[Records contained in a dataset]
┄┄┄┄┄┄
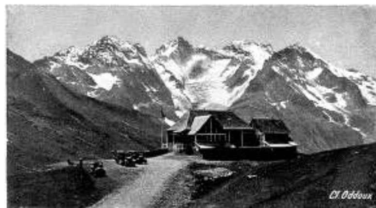
Chalet-Restaurant P. L. M. du Lautaret (2.108 m. d'alt.)

Au centre de cette admirable région, à Grenoble, déjà la montagne vous saisit et vous attire. De quelque côté qu'on se tourne, elle se montre aux regards; chaque rue offre une perspective sur les cimes environnantes; la chaîne de Belledonne avec sa ligne de sommets immaculés; le massif verdoyant de la Chartreuse, le haut plateau de Saint-Nizier, sentinelle du Vercors, entrecoupé de gorges profondes. Rarement, on rencontre un horizon comparable à celui-ci. Et c'est la raison pour laquelle, chaque jour, du centre même de la ville, de cette place Grenette, principal foyer d'animation, partent, dans toutes les directions, les autocars aux couleurs P. L. M. qui permettent de faire les plus belles excursions.
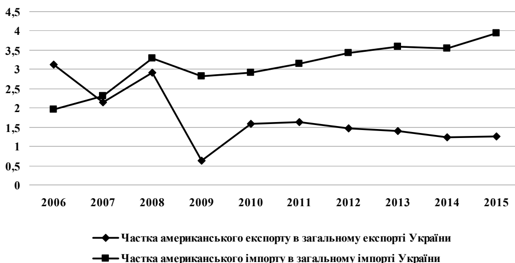
Рис. 2. Частка американського експорту-імпорту в експортно-імпортній структурі України, %

Однак український експорт товарів до Канади за 8
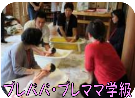
プレパパ・プレママ学級
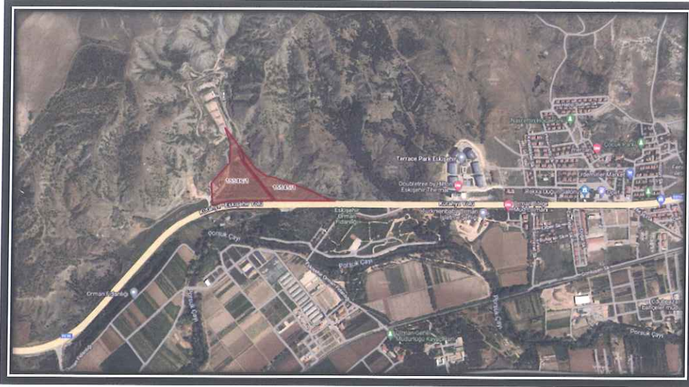
Şekil:1 Planlama Alanının Uydu Fotoğrafındaki Konumu

Söz konusu parseller 1/25000 ölçekli nazım imar planının I24B-3 ile I24C-2 nolu paftalarında yer almaktadır. Parseller şehrin batısında Eskişehir-Kütahya Karayolu üzerinde bulunmaktadır. (Şekil-1)
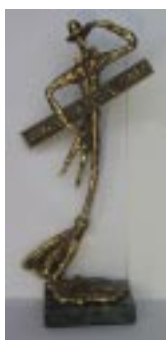
Złota Miotła 2002

Również w październiku 2002 roku, Wszechnica Świętokrzyska została zwycięzcą V edycji Plebiscytu o Złotą Miotłę , ogłoszonego przez Urząd Miasta Kielce. Uczelnia wyłoniona została z grupy 40 posesji i otrzymała statuetkę oraz dyplom przyznany za estetykę i zagospodarowanie terenu zielenią.
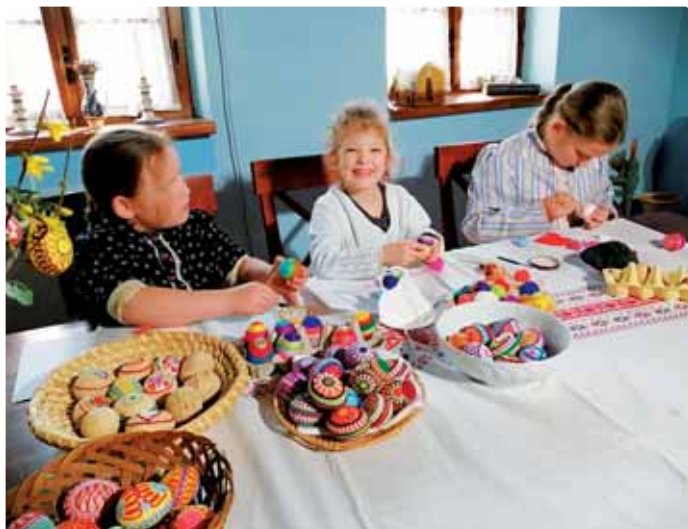
Dievčatá zobia výdušky
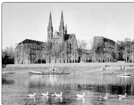
Misijní dům sv. Michala ve Steylu

Janssen narážel všude jen na odmítnutí. On sám se však nevzdával, postil se a modlil, dokud nebyl vyslyšen – i když jinak, než očekával. „Založte misijní dům sám,“ radil mu Mons. Raimondi, apo-
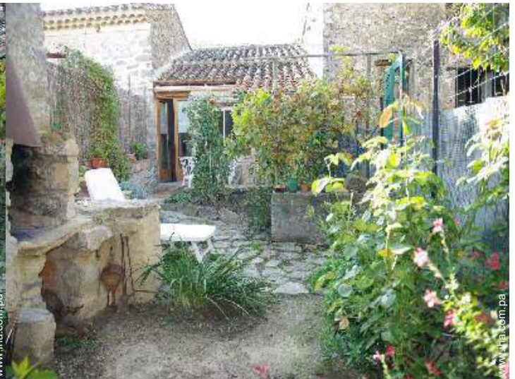
Instalación exterior a disposición de los huéspedes
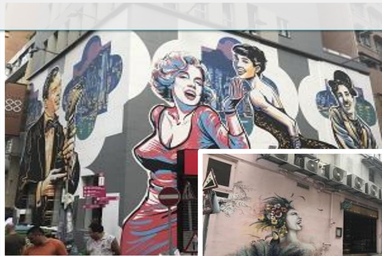
香港の絶景スポットと言えば、「ビクトリアピーク」や「レーザーショー」ですが、ハリウッドロードのアートはいま世界中から注目を浴びるフォトジェニックスポットとなっております。 ・ハリウッドロード
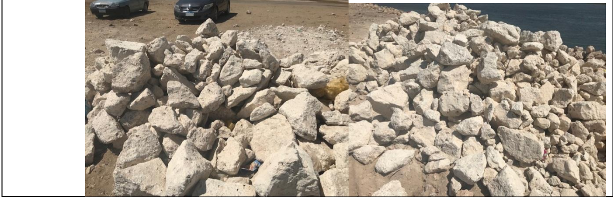
شكل رقم (3-8): تشوينات الحجر الجيري الكلسي بموقع المشروع

درجة التحبب بصورة عامة دقيقة الحجم إلى متوسط ويتراوح حجم الحبيبات من 0.2 مم إلى 2.0 ملليمتر، ما عدا فى منطقة وادي قصب ومنطقة الكوامل فإن الرمل بهاتين المنطقتين من النوع الخشن كبير إلى متوسط التحبب (أى أكبر من 2 ملليمتر)، توجد العديد من المحاجر فى المناطق الملاصقة للأراضي الزراعية والتي يتم إستغلالها بصورة عشوائية وبدائية، لا تحتاج إلى تكلفة سهلة الكشف والنقل بمعدات بسيطة مثل اللودر والهازات.
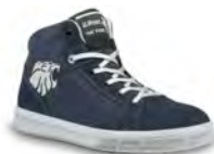
CARAVAN - S. 13
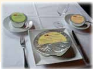
Ejemplo de una comida para persona alérgica
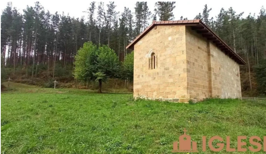
Ernita de san pedro y san pablo de ibarruri cortezubi
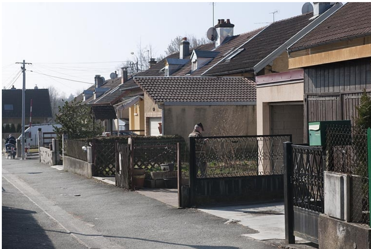
Rue des Lilas depuis le nord-est.
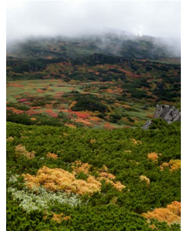
⑧当麻乗越から裾合平方面
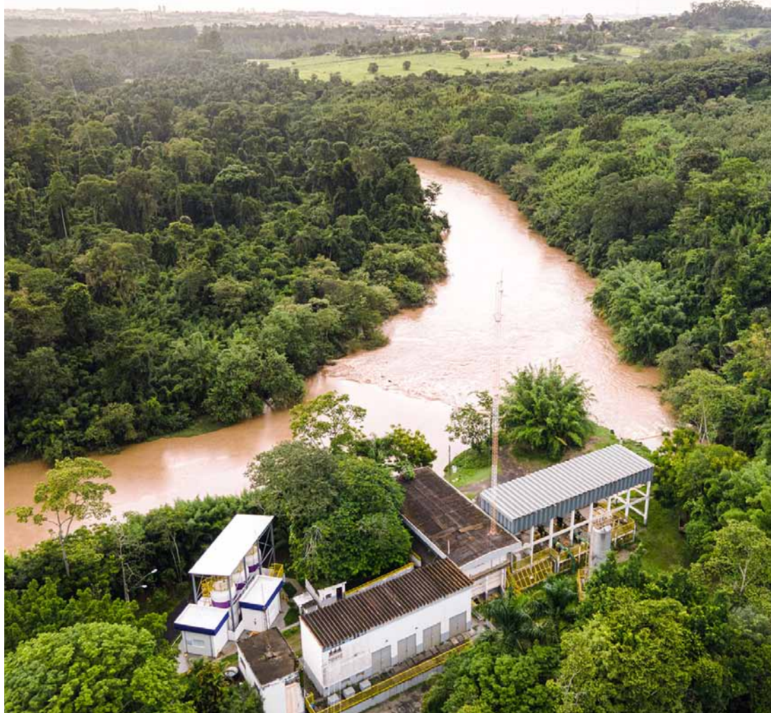
Rio Piracicaba está com a vazão abaixo da média histórica devido a estiagem prolongada
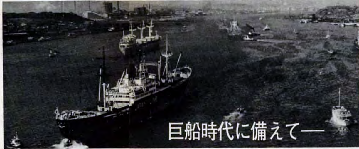
巨船時代に備えて—

港を開いて80年。北九港（門司港区）が貿易港として第一歩をふみだしてから、ことしで80年にかます。いまでは横浜港、神戸港と肩を並べ西日本の代表的な国際貿易港発展しました。しかし大型船やコンテナ船の出現で港も新しい時代を迎え、いま大きく変わろうとしています。
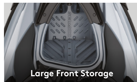
Large Front Storage

Корпус Polytec™ второго поколения специально разработан для активного отдыха. Материал корпуса Polytec GEN 2 очень прочный и хорошо защищен от царапин, а также его использование способствует снижению общего веса гидроцикла и улучшению динамических характеристик.
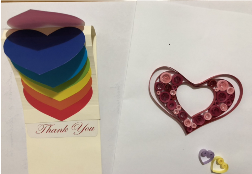
為老師們安排的母親節立體卡片製作課程
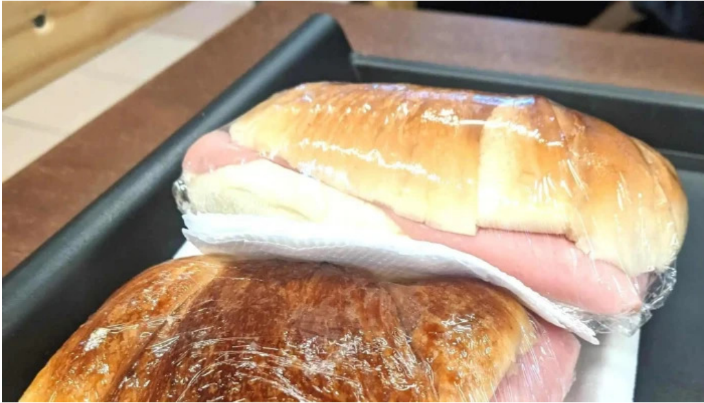
El chana cafe comentario 2
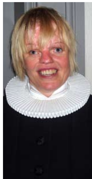
Vikar, Pastor Marlene Andersen
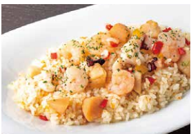
海鮮たっぷりシーフードピラフ 1,450円
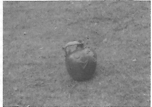
Sl. 1. ŠTUCA, KRUGLA, STUCKA, služi za nošenje vode, Kaniška Iva

mašinama), te stavljali na valjaču - drveni stol, gdje se mijesila tako dugo dok nije postala dovoljno mekana i podesna za izradu raznih
┄┄┄┄┄┄
Check each line of the records above, and copy those that hold the word "Şekil".

Şekil:1 Planlama Alanının Uydu Fotoğrafındaki Konumu
Söz konusu parseller 1/25000 ölçekli nazım imar planının I24B-3 ile I24C-2 nolu paftalarında yer almaktadır. Parseller şehrin batısında Eskişehir-Kütahya Karayolu üzerinde bulunmaktadır. (Şekil-1)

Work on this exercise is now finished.